● **Exercise instructions**
Produce a verbatim transcription of the entries, with all pictures omitted.
━━━ Data records
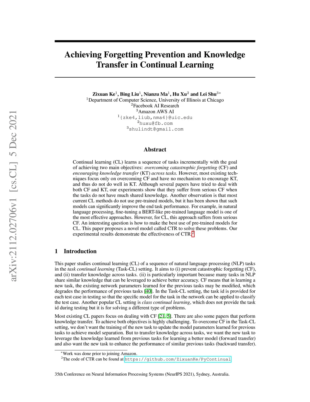 Continual learning (CL) learns a sequence of tasks incrementally with the goal of achieving two main objectives: overcoming catastrophic forgetting (CF) and encouraging knowledge transfer (KT) across tasks. However, most existing techniques focus only on overcoming CF and have no mechanism to encourage KT, and thus do not do well in KT. Although several papers have tried to deal with both CF and KT, our experiments show that they suffer from serious CF when the tasks do not have much shared knowledge. Another observation is that most current CL methods do not use pre-trained models, but it has been shown that such models can significantly improve the end task performance. For example, in natural language processing, fine-tuning a BERT-like pre-trained language model is one of the most effective approaches. However, for CL, this approach suffers from serious CF. An interesting question is how to make the best use of pre-trained models for CL. This paper proposes a novel model called CTR to solve these problems. Our experimental results demonstrate the effectiveness of CTR
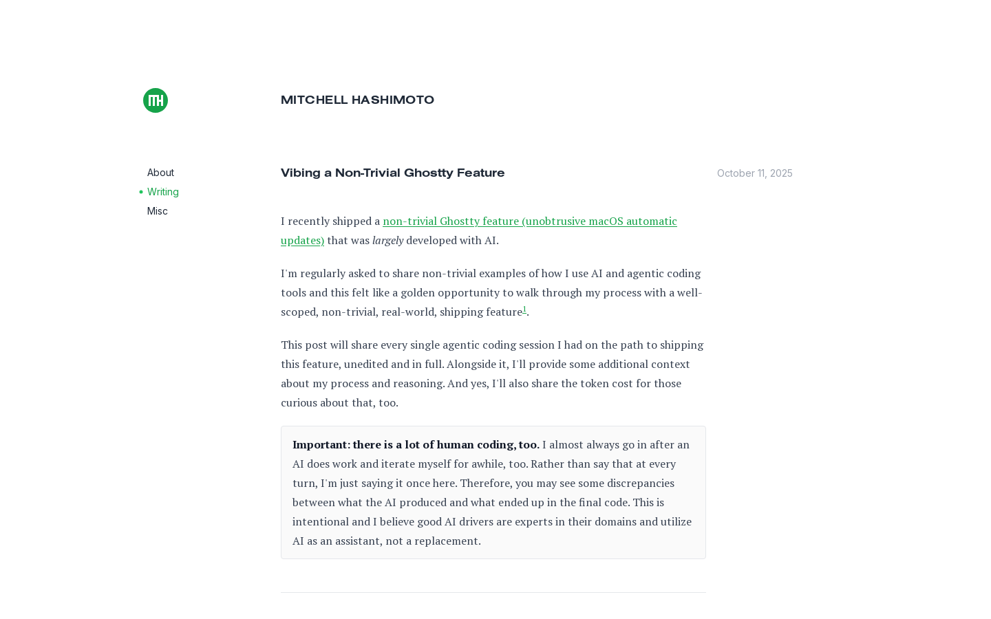 The post documents the development of an unobtrusive macOS automatic update notification feature for Ghostty, created primarily with AI tools but involving substantial human coding and iteration.
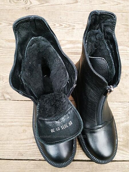 Подробное описание: Зимові жіночі шкіряні чорні черевики на низькому ходу, спереду замок, натур
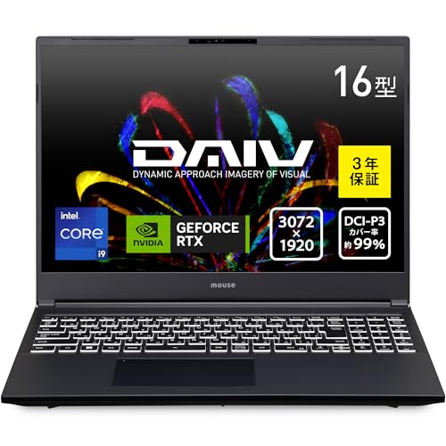 mouse DAIV N6は、Core i9 14900HXとRTX4090を搭載した16インチクリエイターノートパソコン。64GBメモリ、1TB SSD、3072×1920の高解像度で、動画編集やCAD、3DCG向けに最適。3年保証付き。
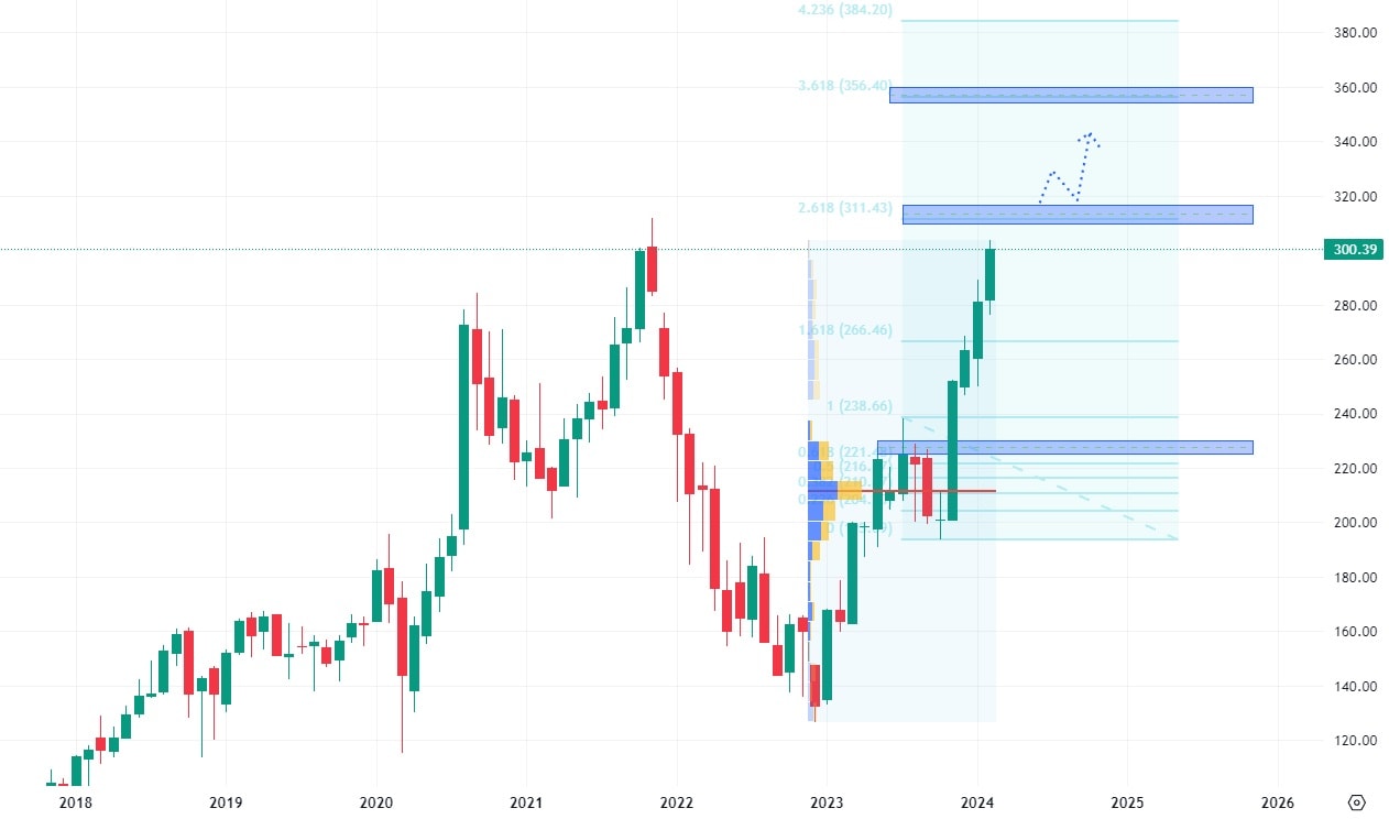 Pokud akcie prorazí své ATH a zároveň tuto rezistenci, získají výrazný support a možnost růstu až na hodnotu 360 USD. Tam se totiž nachází další projekční rezistence na základě Fibonacciho úrovní.
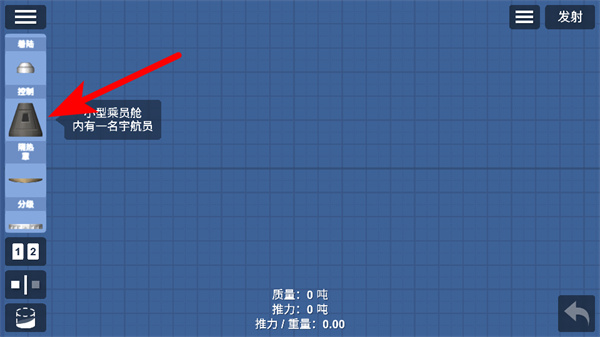 1、进入游戏界面后,点击左侧的舱体组件如微型乘员舱,这是组装火箭的关键操作,准确点击才能将组件添加到设计区。
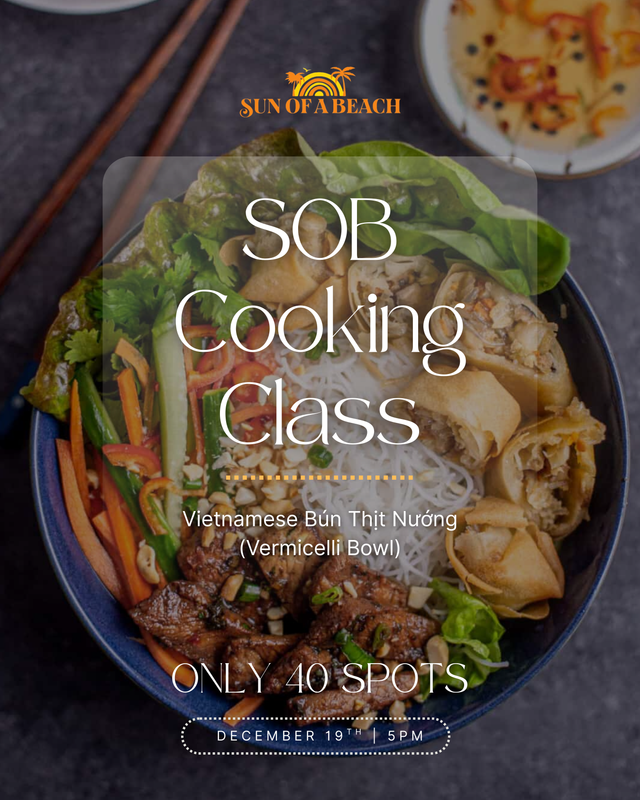 You'll build your own Vermicelli Bowl, topped with succulent home-marinated protein, and Phan's hand-rolled crispy spring rolls. Phan will guide you with tips and techniques on how to bring out the fragrant aromas that define Vietnamese cooking. You'll gain the confidence to recreate this recipe in your own kitchen and learn where to source essential Vietnamese ingredients too. Whether you're cooking alongside friends or venturing into this culinary journey solo, get ready for an unforgettable Vietnamese cooking experience that promises to be both enjoyable and delicious right here at SOB!
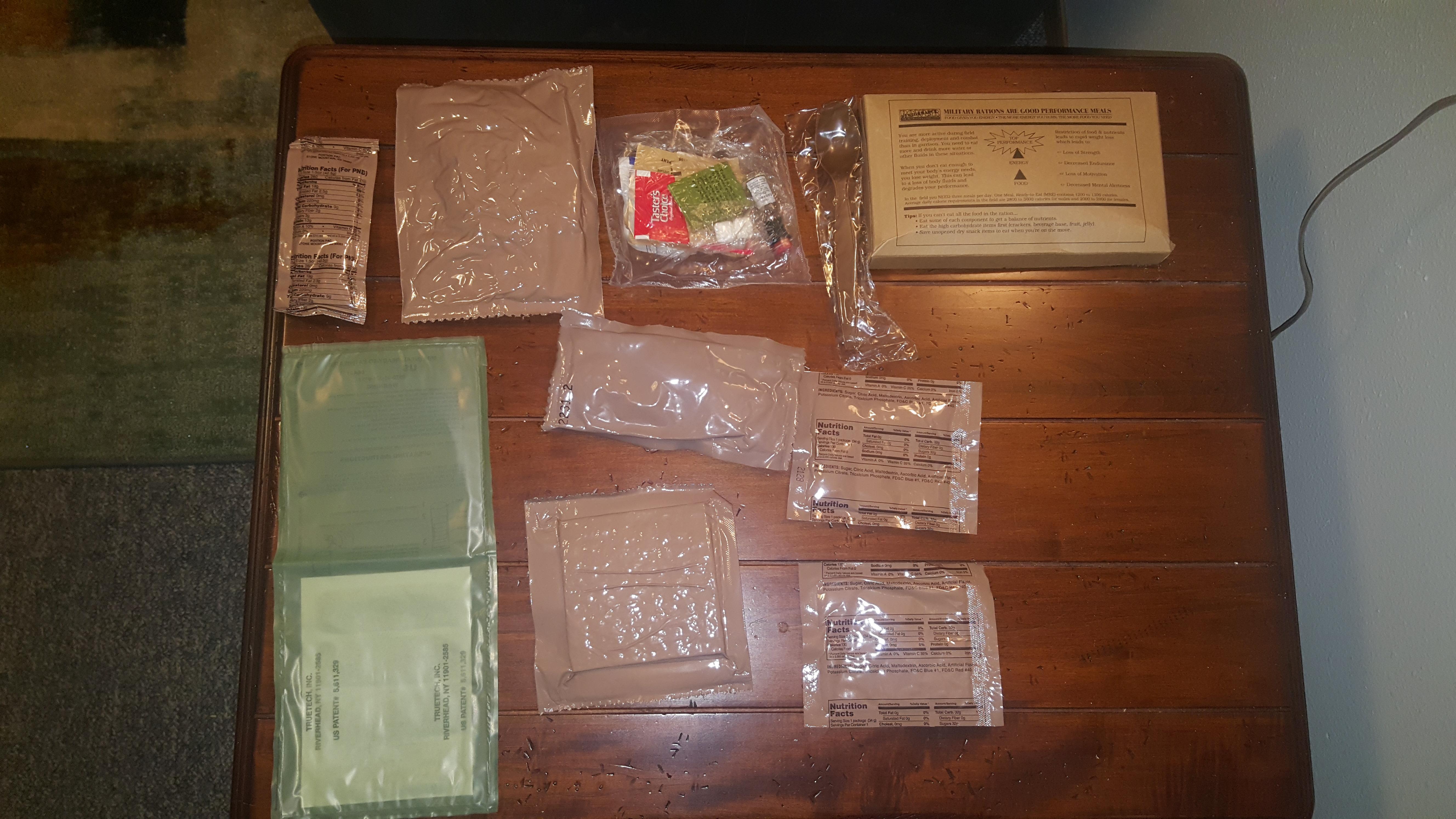 The cheese pretzels were tasty and are just like the new ones. You can never go wrong with those. The crackers weren't baked enough and were pretty soft, so I didn't even finish those. The peanut butter tasted fine as usual and also tasted the same as the kind produced today. The chocolate sports bar is comparable to the chocolate First Strike Bar they put in the current MREs. It tasted about the same, but there was a small coating of chocolate over the bar and was a great desert! I'm glad they still produce a variant of it today.
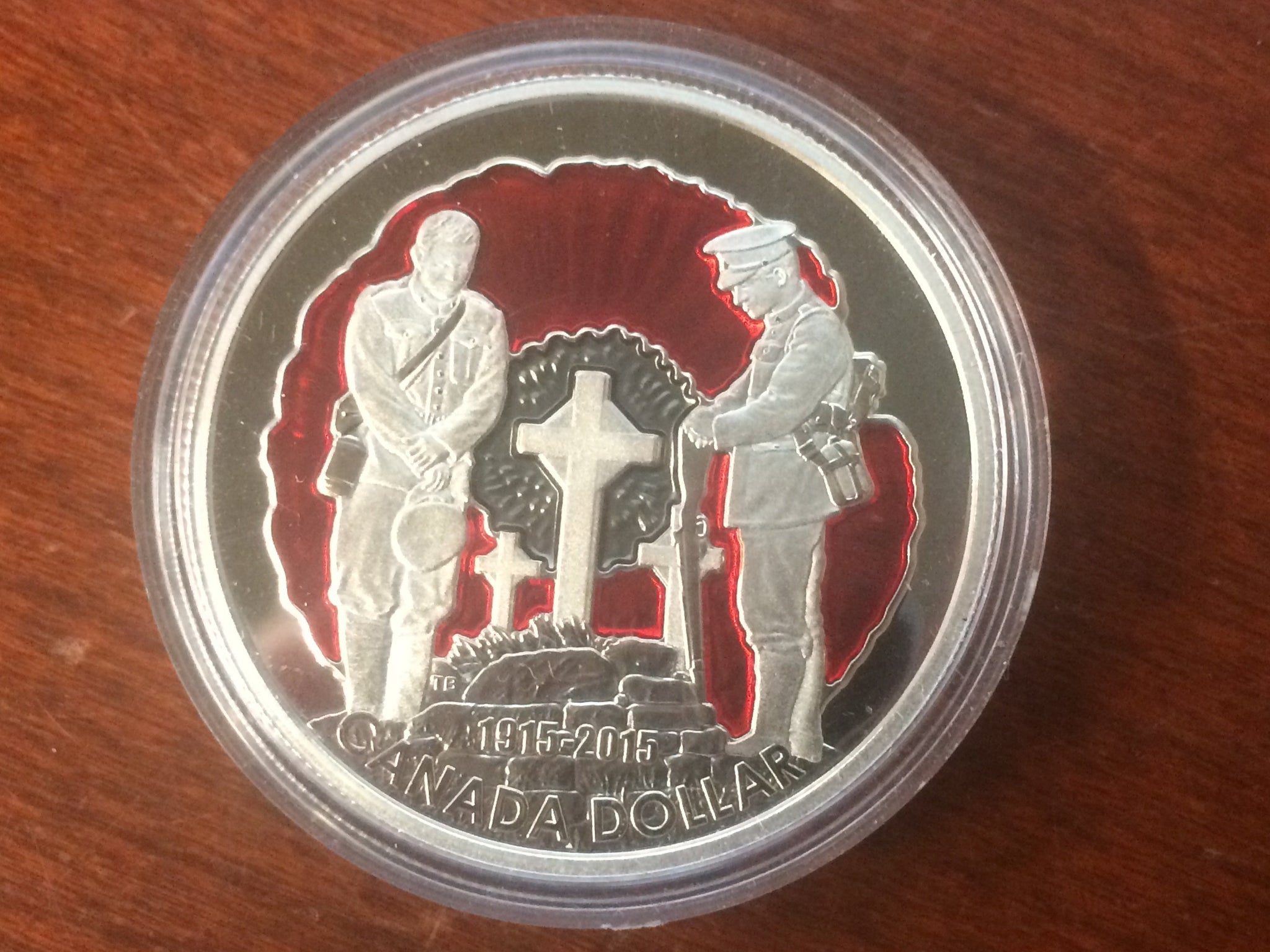 2015 Canada Silver Coloured Proof Dollar-Limited Edition 100th Anniversary of in Flanders Fields
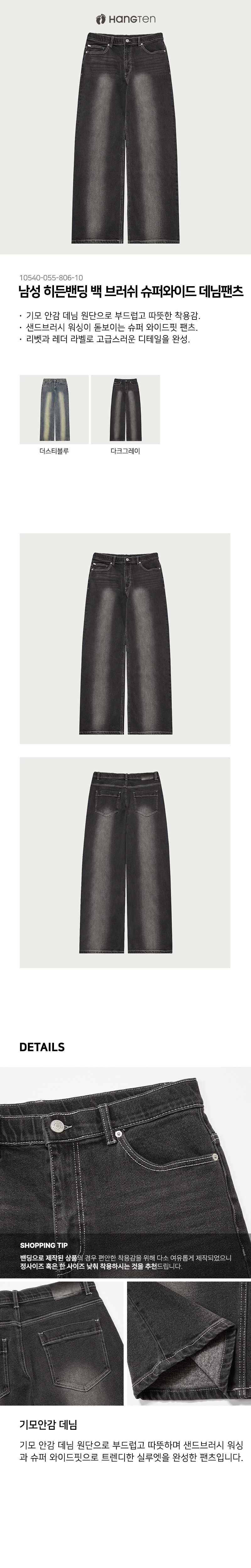 [행텐] 남성 히든밴딩 백 브러쉬 슈퍼와이드 데님팬츠_165(10540-055-806-10)
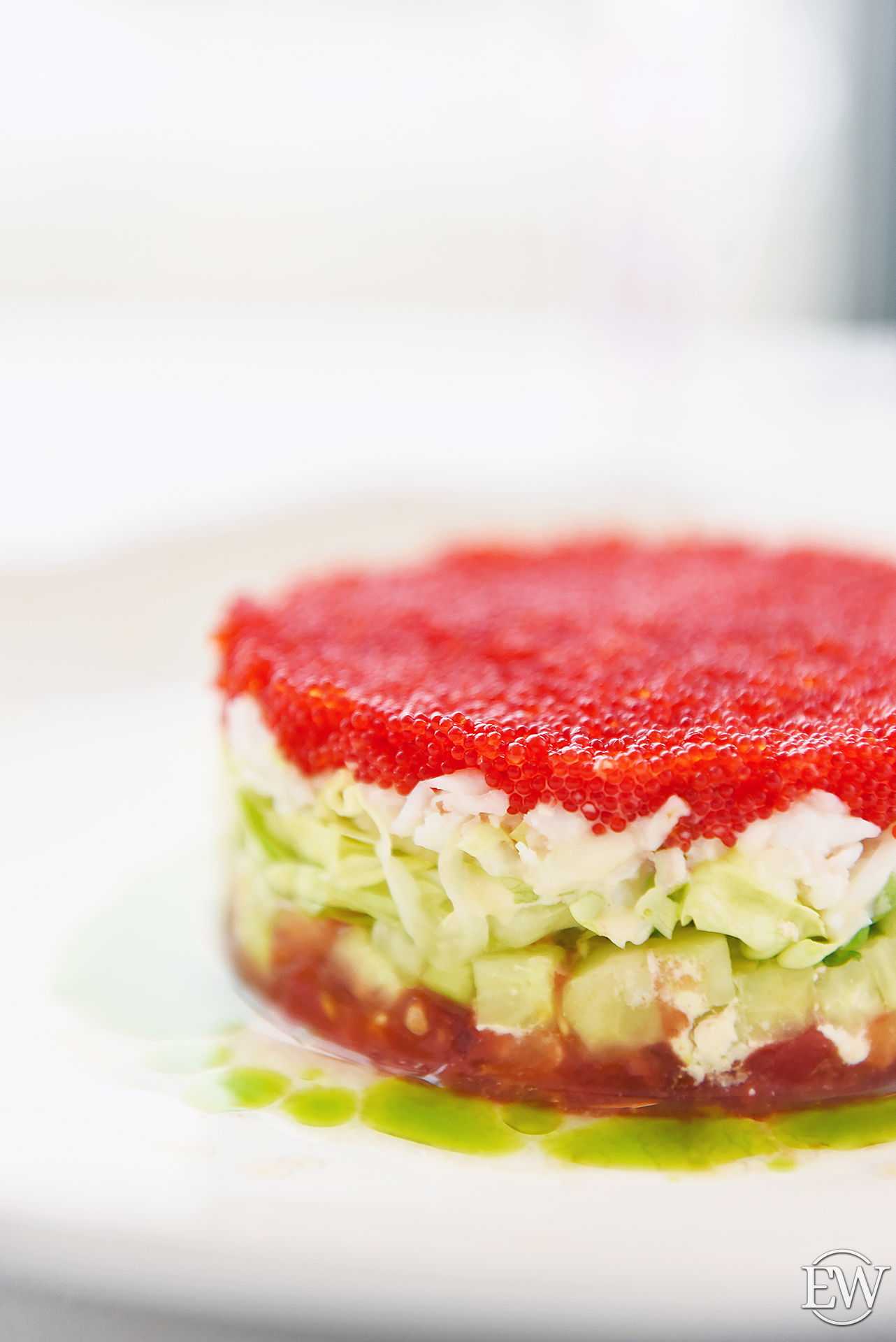 Салат с крабом, авокадо, огурцами и томатами (1450 р.) — внегласно зовётся как и сам ресторан — «Сахалин». Классика «по-новому» порадует глаз своим праздничным видом и узнаваемым вкусом.
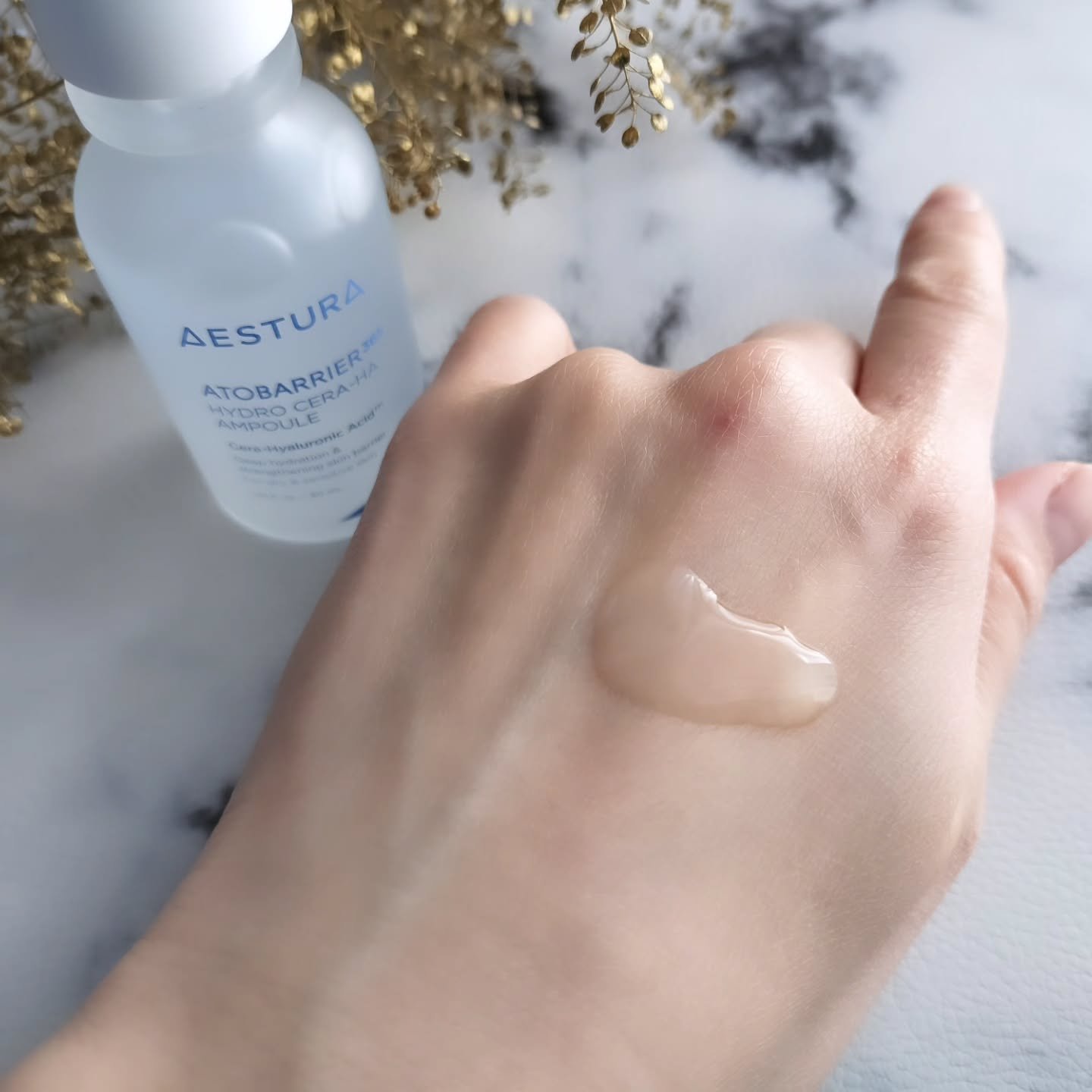 AESTURA独自成分「セラーヒアルロン酸™」を配合していて、たっぷり水分をためこんだ肌に導いてくれますよ。 とろみのあるテクスチャーだけど、アトバリア365のエッセンスよりは軽いテクスチャーです。すっとお肌に馴染んでベタつかないのも魅力的でした。 アトバリア365クリームと一緒に使いたいです♡
━━━━━━
● **Written solution**
 Continual learning (CL) learns a sequence of tasks incrementally with the goal of achieving two main objectives: overcoming catastrophic forgetting (CF) and encouraging knowledge transfer (KT) across tasks. However, most existing techniques focus only on overcoming CF and have no mechanism to encourage KT, and thus do not do well in KT. Although several papers have tried to deal with both CF and KT, our experiments show that they suffer from serious CF when the tasks do not have much shared knowledge. Another observation is that most current CL methods do not use pre-trained models, but it has been shown that such models can significantly improve the end task performance. For example, in natural language processing, fine-tuning a BERT-like pre-trained language model is one of the most effective approaches. However, for CL, this approach suffers from serious CF. An interesting question is how to make the best use of pre-trained models for CL. This paper proposes a novel model called CTR to solve these problems. Our experimental results demonstrate the effectiveness of CTR
 The post documents the development of an unobtrusive macOS automatic update notification feature for Ghostty, created primarily with AI tools but involving substantial human coding and iteration.
 Подробное описание: Зимові жіночі шкіряні чорні черевики на низькому ходу, спереду замок, натур
 mouse DAIV N6は、Core i9 14900HXとRTX4090を搭載した16インチクリエイターノートパソコン。64GBメモリ、1TB SSD、3072×1920の高解像度で、動画編集やCAD、3DCG向けに最適。3年保証付き。
 Pokud akcie prorazí své ATH a zároveň tuto rezistenci, získají výrazný support a možnost růstu až na hodnotu 360 USD. Tam se totiž nachází další projekční rezistence na základě Fibonacciho úrovní.
 1、进入游戏界面后,点击左侧的舱体组件如微型乘员舱,这是组装火箭的关键操作,准确点击才能将组件添加到设计区。
 You'll build your own Vermicelli Bowl, topped with succulent home-marinated protein, and Phan's hand-rolled crispy spring rolls. Phan will guide you with tips and techniques on how to bring out the fragrant aromas that define Vietnamese cooking. You'll gain the confidence to recreate this recipe in your own kitchen and learn where to source essential Vietnamese ingredients too. Whether you're cooking alongside friends or venturing into this culinary journey solo, get ready for an unforgettable Vietnamese cooking experience that promises to be both enjoyable and delicious right here at SOB!
 The cheese pretzels were tasty and are just like the new ones. You can never go wrong with those. The crackers weren't baked enough and were pretty soft, so I didn't even finish those. The peanut butter tasted fine as usual and also tasted the same as the kind produced today. The chocolate sports bar is comparable to the chocolate First Strike Bar they put in the current MREs. It tasted about the same, but there was a small coating of chocolate over the bar and was a great desert! I'm glad they still produce a variant of it today.
 2015 Canada Silver Coloured Proof Dollar-Limited Edition 100th Anniversary of in Flanders Fields
 [행텐] 남성 히든밴딩 백 브러쉬 슈퍼와이드 데님팬츠_165(10540-055-806-10)
 Салат с крабом, авокадо, огурцами и томатами (1450 р.) — внегласно зовётся как и сам ресторан — «Сахалин». Классика «по-новому» порадует глаз своим праздничным видом и узнаваемым вкусом.
 AESTURA独自成分「セラーヒアルロン酸™」を配合していて、たっぷり水分をためこんだ肌に導いてくれますよ。 とろみのあるテクスチャーだけど、アトバリア365のエッセンスよりは軽いテクスチャーです。すっとお肌に馴染んでベタつかないのも魅力的でした。 アトバリア365クリームと一緒に使いたいです♡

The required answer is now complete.